Arlanxeo’s Michael Liesfeldt: “Now our SC is aligned to the business strategy”

Chemicals companies need to deliver profitable growth in a hyper-competitive and low-growth environment. Many are undergoing mergers and acquisitions in order to survive. Lanxess, the German based global producer of specialty chemicals has undergone significant realignment, including new options for backward integration to strengthen the synthetic rubber business.

Michael Liesfeldt has been responsible for realigning the supply chains due to the internal merger of two of the company’s large rubber units. He joined Lanxess in 2013 after many years experience with the Dow Chemical Company. Based firstly in Singapore for the company’s synthetic rubber section he relocated to Cologne last year. After the successful business unit merger he joined Arlanxeo, a new joint venture between Lanxess and Saudi Aramco, the state-owned oil company of the Kingdom of Saudi Arabia.

What is your responsibility regarding the supply chain?

“I returned to Germany in 2015 to head the global supply chain of the newly formed business unit Tire & Specialty Rubbers which resulted from the merger of very different organizations, processes and cultures. In April 2016 I joined the company’s new joint venture, Arlanxeo.

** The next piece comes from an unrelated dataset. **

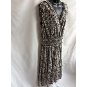 Liz Jordan Midi Dress Size 18 Tiered Animal Print Leopard Cheetah 90s Romantic
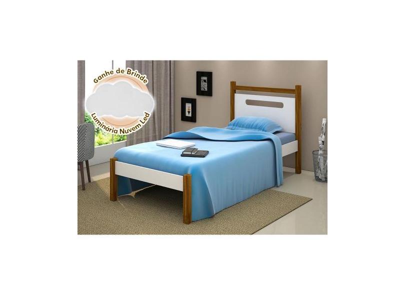 Cama de Solteiro Design Eloa Branco com Mel Incluso Luminária Led - MA

With my multi-national experiences I was able to bring in a rather non-Germanic approach. We did a lot of realignment in the business and had to manage the challenges of a big culture clash: American; Dutch, Canadian; Brazilian, French; Belgium, Singaporean, German etc. work cultures had all come together over the years from various other companies. Now we bring in a Saudi culture as well, all of which makes it a very interesting place to work. I am a strong believer in people – rather than technology – to unlock the value in the supply chain.”

What is the strategy of the Company (or Division/Supply Chain): Operational Excellence, Product Leadership or Cus tomer Intimacy?

“Arlanxeo is a leading global supplier of synthetic elastomers which are used in many applications from tires and the automotive industry to health care. In the company we have 20 production sites globally that are close to our customers. Hence, we act locally but we strive for operational excellence on a global level through global governance: Operational excellence is especially important in manufacturing, and we do a lot of benchmarking. This can be cumbersome because we are working with many working cultures so what works in Germany might not work in Brazil.
We have done a lot to harmonize work processes and systems and address the different cultures and we are adjusting our offerings to meet future trends like E-mobility, down-sizing, light weight vehicles, new regulations etc. Now we aim to fully understand all external drivers and trends so that we can be pro-active in our supply chain offerings and create value.
The partners (Lanxess and Aramco) are now discussing how we will optimize further our supply chain. We are just at the start of the journey but ultimately the JV will address the challenges we have with competitive access to feedstock as well as optimizing our supply and value chains.”